Meaning hinges on semantic information, which is when a system has a very, very large memory capacity and begins to classify particular information structures as a "type" (so you have a word for "apple", a semantic designation that comes from several exposures to information that looks similar: that conveying an apple). The redundancy and compression come in. In physics, we start with 100's of equations, shoehorn them into 4 equations (Maxwell's equations) then pressure cook them into a last, final equation using the d'Alembertian. So there's not really a lot of information in that last, final equation. All the information is really in the brain. The last final equation is more-or-less a title which a human can use to unpack (from their own brain) the deeper meanings through derivations (another algorithm, another "blue print", but a procedural one.)

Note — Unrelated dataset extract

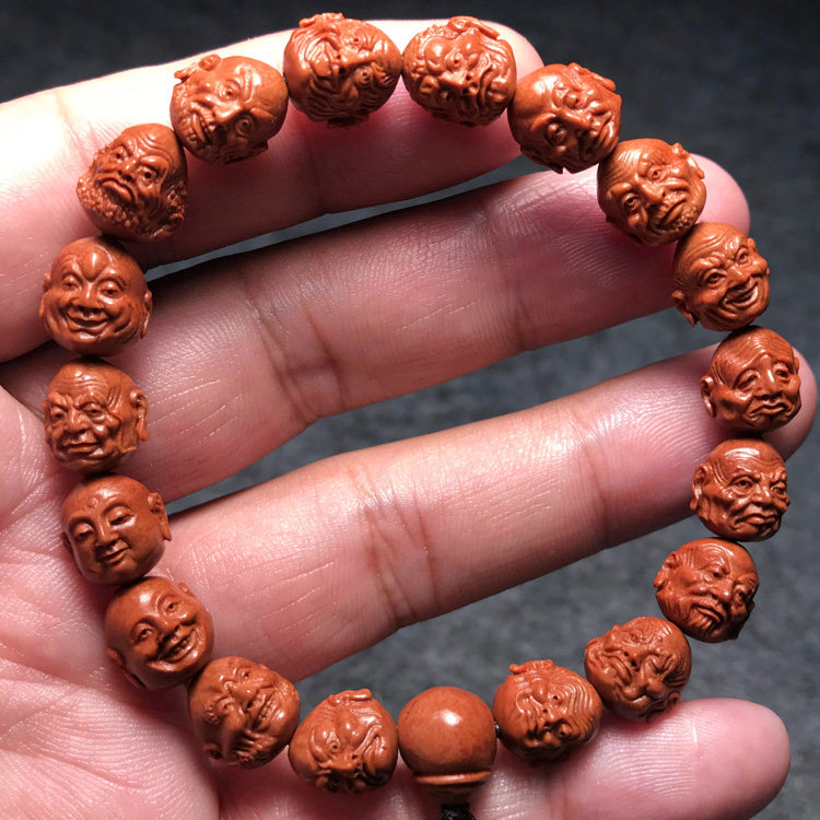 Dragon pattern peach core eighteen 18 arhat bracelets wild small seed peach and walnut carving peach wood writing play Buddha beads hand chisel for men and women

But ultimately, meaning is simply compressed information (semantics or semiotics) that represents a larger set of information (your episodic exposure to the concept). The word itself contains very little information. The neuroethological complex that the word sets of in a human brain is really where the bulk of the information has been stored through iterative exposure and association.

But "blue prints" are essentially a map of the general information. The map tells you the geometry: what goes where. In the universe then, a Newtonian/euclidian map would tell you the position and momentum of every particle, along with a matrix of interactions between all possible pairs of particles (i.e. forces).